March 31, 2004

 

 

EU Partially Lifts US Poultry Ban

 

The European Union Commission announced on Tuesday that it will scale down its US poultry ban to just the state of Texas where the outbreak of bird flu occurred.

 

The E.U. also has scaled back a similar ban in Canada to a part of the province of British Columbia.

 

Commissioner for Health and Consumer Protection David Byrne said: "It is now timely to lift most of the import restrictions as all necessary information provided by the two countries indicate that the high pathogenic Avian Influenza outbreaks in the two countries have been confined to a limited area."

 

The E.U. banned U.S. poultry imports Feb. 23 after the state of Texas confirmed new cases of bird flu.
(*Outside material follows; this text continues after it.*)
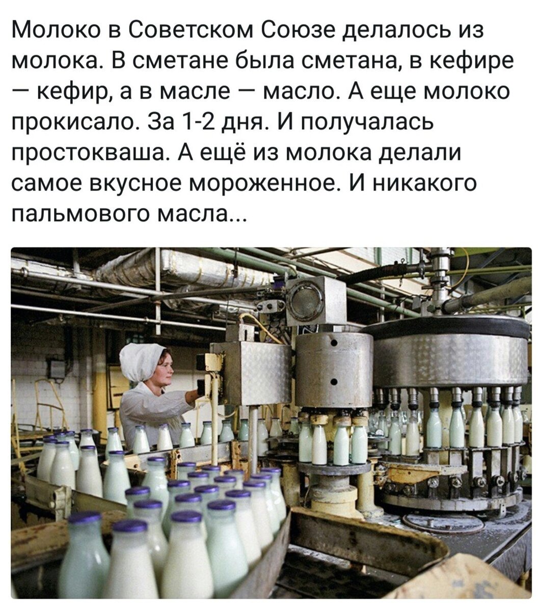 Молоко в СССР делалось от коровы, которых в колхозах и совхозах было много как и в частных подворьях. А сейчас из деревни в город едут в магазины и покупают молоко и мясо. И я повторюсь ,были колхозы и совхозы,людям давали зерно,сено,солому И так далее.И скотина была в каждом дворе. В СССР были ГОСТы, которые неукоснительно соблюдались, а сейчас капитализм и выгода превыше всего, а не здоровье обобранного и обварованного народа. Кто-то скажет,что хранится год пастеризиванное в герметичной упаковке молоко . А обычное через неделю прокиснет. А вот и не киснет оно. Превращается в какую то горькую гадость . Оно не киснет, а тухнет. Кто не пил натурального, не может знать того вкуса. Помните в сливках, в пакетах, появлялось маслице, был приятный аромат. Домашние коровы то же давали молоко разной жирности, от одной у нас в банке уже на третий день на два пальца сливок было, а от другой нет. Сегодня и коров, тех немногих, что есть, кормят химией. Качество продуктов в Союзе было на порядок л

It is the first time since 1983-84 that bird flu has been found in the U.S. Those cases were found in Virginia and Pennsylvania.

 

The U.S. is a major poultry exporter to the E.U. Last year, one in four imported eggs came from the U.S, worth around EUR20 million in trade. The E.U. also imported 450,000 one-day-old chicks, worth a further EUR2.5 million.

 

The E.U. banned poultry products from Canada March 9.

 

It also has banned the import of all poultry products from Thailand and other Asian countries hit by the bird flu outbreak. The ban on Thailand's lucrative chicken exports to the 15-nation European bloc was introduced Jan. 23. Last year, the E.U. imported 150,000 tons of chicken from Thailand. The ban will remain in place until Aug. 25.

 

The Asian strain of the virus is more deadly. It has caused over 20 deaths and led to the slaughter of tens of millions of chickens. There are no cases in the U.S. or Canada of humans becoming infected with the disease.

 

The E.U. had its own outbreak of bird flu in 2003, which resulted in the culling of 30 million chickens and other birds in the Netherlands, Belgium and Germany.